# Work required
Consider the listing below. Extract exactly the lines from the line containing "Aji dulce plantado" to the line containing "سوره شوری آیه ۴۸", both included.

# Material for the task
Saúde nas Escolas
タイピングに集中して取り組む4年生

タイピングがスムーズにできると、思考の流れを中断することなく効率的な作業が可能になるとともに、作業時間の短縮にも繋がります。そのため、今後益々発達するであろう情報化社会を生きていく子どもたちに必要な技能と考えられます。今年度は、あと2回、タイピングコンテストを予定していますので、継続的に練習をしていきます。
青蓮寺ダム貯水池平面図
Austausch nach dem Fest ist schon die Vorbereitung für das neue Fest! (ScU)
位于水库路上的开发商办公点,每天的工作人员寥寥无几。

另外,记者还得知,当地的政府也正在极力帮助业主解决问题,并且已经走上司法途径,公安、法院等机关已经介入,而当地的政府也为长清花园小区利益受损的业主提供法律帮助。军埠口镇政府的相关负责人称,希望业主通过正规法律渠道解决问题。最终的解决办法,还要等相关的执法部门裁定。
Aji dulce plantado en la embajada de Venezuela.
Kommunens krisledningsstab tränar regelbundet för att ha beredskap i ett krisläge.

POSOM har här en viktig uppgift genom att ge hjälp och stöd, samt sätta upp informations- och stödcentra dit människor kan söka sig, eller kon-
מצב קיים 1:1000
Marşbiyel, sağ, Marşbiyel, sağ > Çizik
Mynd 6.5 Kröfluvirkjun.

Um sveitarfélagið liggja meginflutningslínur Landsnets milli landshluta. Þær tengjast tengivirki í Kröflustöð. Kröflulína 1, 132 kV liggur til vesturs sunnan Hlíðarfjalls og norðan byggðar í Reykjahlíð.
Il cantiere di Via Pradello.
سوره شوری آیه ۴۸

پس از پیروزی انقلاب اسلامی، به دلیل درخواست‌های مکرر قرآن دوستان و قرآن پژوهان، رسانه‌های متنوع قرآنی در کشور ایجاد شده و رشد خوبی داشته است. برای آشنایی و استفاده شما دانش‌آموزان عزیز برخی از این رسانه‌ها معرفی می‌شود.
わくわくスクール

# Exercise response
Aji dulce plantado en la embajada de Venezuela.
Kommunens krisledningsstab tränar regelbundet för att ha beredskap i ett krisläge.

POSOM har här en viktig uppgift genom att ge hjälp och stöd, samt sätta upp informations- och stödcentra dit människor kan söka sig, eller kon-
מצב קיים 1:1000
Marşbiyel, sağ, Marşbiyel, sağ > Çizik
Mynd 6.5 Kröfluvirkjun.

Um sveitarfélagið liggja meginflutningslínur Landsnets milli landshluta. Þær tengjast tengivirki í Kröflustöð. Kröflulína 1, 132 kV liggur til vesturs sunnan Hlíðarfjalls og norðan byggðar í Reykjahlíð.
Il cantiere di Via Pradello.
سوره شوری آیه ۴۸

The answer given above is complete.